Fair enough, but I think there could be far more projects depending on pre 3.4 order than there are post 3.4. Even if intended behaviour was for last to persist it 3.4 has a major braking change and simple composer update just breaks apps in some cases. It took us 16 days to notice this, quite a pong time, but its not that every day we update dependancies. We rely on order in .env files because we load config values from various sources - app specific and global, and wanted app specific to be more powerful. Also, the order of persistance was not documented when we built upon this library, so by testing behaviour we assumed its first occurance wins.

Can I suggest reverting to pre 3.4 behaviour and making order configurable, and having post 3.4 behaviour for 4.x?

GrahamCampbell commented 5 years ago

Can I ask, why do you have more than one entry of the same key in a file?

GrahamCampbell commented 5 years ago

I'd like to understand the use case for this.

martinssipenko commented 5 years ago

We populate .env file with values from various sources.

martinssipenko commented 5 years ago

Let me elaborate, on deployment, we have a script that creates .env file by populating it with values from various sources.
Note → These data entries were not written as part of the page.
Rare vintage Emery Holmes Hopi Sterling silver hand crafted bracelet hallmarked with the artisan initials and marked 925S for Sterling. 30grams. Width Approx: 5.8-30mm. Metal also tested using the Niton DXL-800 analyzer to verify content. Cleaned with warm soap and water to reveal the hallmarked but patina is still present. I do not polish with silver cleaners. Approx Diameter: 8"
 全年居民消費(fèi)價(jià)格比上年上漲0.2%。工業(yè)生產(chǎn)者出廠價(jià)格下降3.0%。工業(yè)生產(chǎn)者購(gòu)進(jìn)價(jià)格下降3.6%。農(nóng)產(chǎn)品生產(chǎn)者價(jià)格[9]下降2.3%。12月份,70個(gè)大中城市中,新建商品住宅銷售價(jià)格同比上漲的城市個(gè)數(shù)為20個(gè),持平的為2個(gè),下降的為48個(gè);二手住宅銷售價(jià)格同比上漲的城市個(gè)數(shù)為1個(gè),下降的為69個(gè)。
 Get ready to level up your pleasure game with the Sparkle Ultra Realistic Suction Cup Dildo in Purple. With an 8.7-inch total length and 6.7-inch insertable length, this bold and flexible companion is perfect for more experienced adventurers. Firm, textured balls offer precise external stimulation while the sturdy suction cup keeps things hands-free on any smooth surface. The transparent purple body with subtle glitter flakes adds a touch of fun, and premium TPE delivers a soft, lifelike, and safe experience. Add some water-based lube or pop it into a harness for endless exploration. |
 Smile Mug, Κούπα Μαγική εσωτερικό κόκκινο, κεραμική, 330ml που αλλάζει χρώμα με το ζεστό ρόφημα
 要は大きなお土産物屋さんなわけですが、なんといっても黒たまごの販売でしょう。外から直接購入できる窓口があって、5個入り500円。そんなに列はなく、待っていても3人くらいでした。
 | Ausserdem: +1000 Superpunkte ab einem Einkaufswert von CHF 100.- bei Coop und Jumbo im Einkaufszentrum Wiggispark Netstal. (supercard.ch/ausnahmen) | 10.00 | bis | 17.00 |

The sources are app specific values stack values and global values in that order. Pre 3.4 behaviour guaranteed that we can "override" global values in app context as app values are before global values in .env. file.

GrahamCampbell commented 5 years ago

Hmmm. I'm still unsure what to do. The order of loading was not documented or tested until v3.4, so one could argue the behaviour was never properly specified.. Reverting it in v3.5 could be very confusing.

martinssipenko commented 5 years ago

I do see your point, but having the change in behaviour also is very confusing.

Dzhuneyt commented 5 years ago

Given both are confusing, I would propose we move forward with the change that makes sense and is intuitive, document it, and forget about it. :)

A third party that depends on this behavior is free to use an older (fixed) version until they have time to migrate their side of the code to adapt to this behavior.

martinssipenko commented 5 years ago

Of course we can use older version, but essentially this can be considered a braking change and given semantic versioning is used (which is industry and community approved standard) having this behavioural change in 3.x is regression.

GrahamCampbell commented 5 years ago

It could also not be considered a breaking change, because the correct behaviour was never specified. This is why bug fixes are not considered breaking changes.

martinssipenko commented 5 years ago

Bug fix or not this drastically changes the behaviour in non backwards compatible way, all versions prior 3.5 (including 2.x) used reverse order. I'm not arguing that this should not be fixed. Furthermore, we will stick to 3.4 and update our scripts to fix order.

At the end of the day, there are 70 millions of installs of this library and simple composer update breaks the behaviour as it was observed before. Even if this has not been documented before I think it's false to assume that this is simply a "bug fix", given how many people this can affect.

Dzhuneyt commented 5 years ago

70 million downloads, true, but we are only talking about an extreme edge case here. Variables override is not a common use case for this library.